Keywords

1 Introduction

Suicidal behaviour, a complex multicausal human phenomenon aimed at self-destruction, is the most tragic event of our human life, deleterious not only for its victim but also causing serious distress among relatives and friends as well as among treating doctors, at least in cases when the victim was in contact with medical care. Because suicide is a rare event in the community, its precise prediction in individual cases is very difficult. However, suicidal behaviour (completed suicide and suicide attempt) is quite frequent among psychiatric patients who contact different levels of healthcare some weeks or months before their death (Luoma et al. 2002). Untreated unipolar or bipolar major depressive episode is the main clinical substrate of completed suicide, accounting for 56–87 % of the cases (Rihmer 2007; Hawton and van Heeringen 2009). What is most important in this respect is that suicidal behaviour in mood disorder patients is a state- and severity-dependent phenomenon and that suicidality decreases/vanishes after the clinical recovery (Rihmer 2007; Rihmer and Gonda 2013). This underscores the importance of early recognition and appropriate acute and long-term treatment/care of patients with mood disorder in preventing suicidal behaviour. However, as the majority of depressed patients never complete suicide and about half of them never attempt it, special clinical (agitated/mixed depression, insomnia, hopelessness, etc.), psychological (premorbid personality, coping style, etc.), and psychosocial risk factors (early and current adverse life events, permanent stressors, etc.) also play a significant contributory role (Rihmer 2007; Hawton and van Heeringen 2009). Suicide risk factors are additive in their nature and a constellation of these factors may help identify those patients who are at an especially high risk for suicide.

2 Personality Features and Suicidal Behaviour

As for psychological characteristics, it is well known for many decades that suicidality is also associated with certain personality features, such as aggressive/impulsive traits, hopelessness, and pessimism, and the risk increases if these traits are present in combination (Mann et al. 1999; Oquendo et al. 2004; MacKinnon et al. 2005). Impulsivity, a characteristic trait in bipolar patients, was associated with nonlethal suicide attempts in general samples, and in case of affective patients, it is also associated with severe suicide attempts and completed suicide (Swann et al. 2005).

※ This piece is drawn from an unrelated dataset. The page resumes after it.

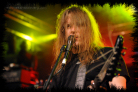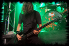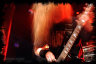With an impressively quick fifteen minute change over time, it seems in only a blink of an eye that Cannibal Corpse are onstage bombarding the audience's senses with their unrelenting heavy death metal discharge. With minimalist lighting, which proves difficult for photography although apposite for the 'mood', the Floridian extreme music maestros work their way through a forty five minute set of both classics and material from stunning new release 'Evisceration Plague'. 'I Cum Blood', 'Fucked with a Knife' and, of course, 'Hammer Smashed Face' sound as crushingly heavy played live in 2009 as they did in their original conception, while the new album's title track and 'Priests of Sodom' prove that the Cannibal ones are still capable of writing/performing effectively heavy music and remain a dominant force within the extreme music scene. It is difficult to believe that the American deathsters formed just over twenty years ago, although refreshing to see that they still appear as passionate and enthusiastic on stage as in their early days. There is certainly no "going through the motions" here as they energetically headbang through the entire set, with the crowd reciprocating in a display of mosh pit pandemonium (which perhaps peaks in its ferocity with the ever popular 'Hammer Smashed Face'). George 'Corpsegrinder' Fisher is a formidable frontman, standing tall centre stage and growling every debauched lyric in his inimitable style; Alex Webster plays his bass at extraordinarily fast speeds (a death metal virtuoso?); drummer Paul Mazurkiewicz has lost none of his 'bite' over the years and performs with great precision; while guitarists Rob Barrett and Pat O'Brien demonstrate their skilful fretboard widdlings with a barrage of heavy riffs and lead flourishes. Collectively, the quintet treat the audience to a masterful display of death metal as it should be played - succinct, hard-hitting and brutally heavy. Let's hope another twenty years lie ahead for one of extreme metal's pioneering bands. Excuse the paradox, but long live the Corpse!
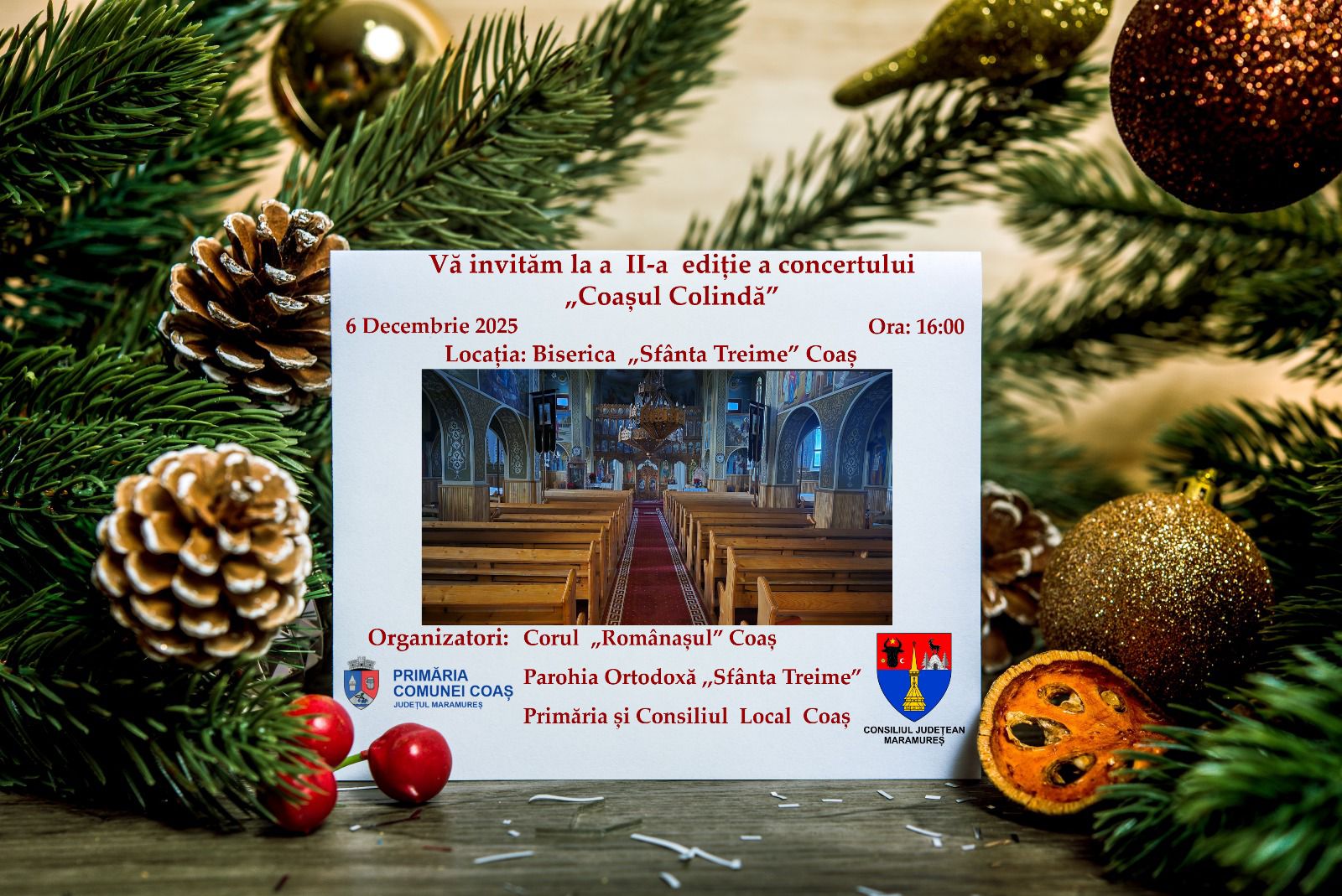 Sâmbătă, 6 decembrie, de la ora 16.00, la Coaș va avea loc a II-a ediție a concertului de colinde „Coașul Colindă”. Evenimentul se va desfășura la Biserica Ortodoxă „Sânta Treime”.

Impulsivity distinguishes suicidal and non-suicidal affective inpatients and controls and in bipolar patients suicidal intent correlated with impulsivity even when controlling for aggression. Impulsivity increases suicide risk when combined with depression, and even modest manic symptoms during bipolar depressive episodes are associated with a greater level of impulsivity and higher rates of suicide attempts (Swann et al. 2005). Several studies have shown that suicidal behaviour was also associated with aggressive traits in the case of major depression and bipolar disorder (Mann et al. 1999; Grunebaum et al. 2006; Hawton and van Heeringen 2009). Bipolar patients with a family history of suicidal behaviour and exposed to childhood physical and/or sexual abuse are at greater risk for suicide attempts (Carballo et al. 2008) and impulsivity seems to be the link between childhood abuse and suicidal behaviour (Braquehais et al. 2010). In a study on bipolar patients, harm avoidance and persistence as measured by Cloninger’s TCI were significantly related to prior suicide attempts (Engstrom et al. 2004). Hostility was also found to be a suicide attempt risk factor, while optimistic personality features and many reasons for living an important protective factor in bipolar disorder (Chaudhury et al. 2007).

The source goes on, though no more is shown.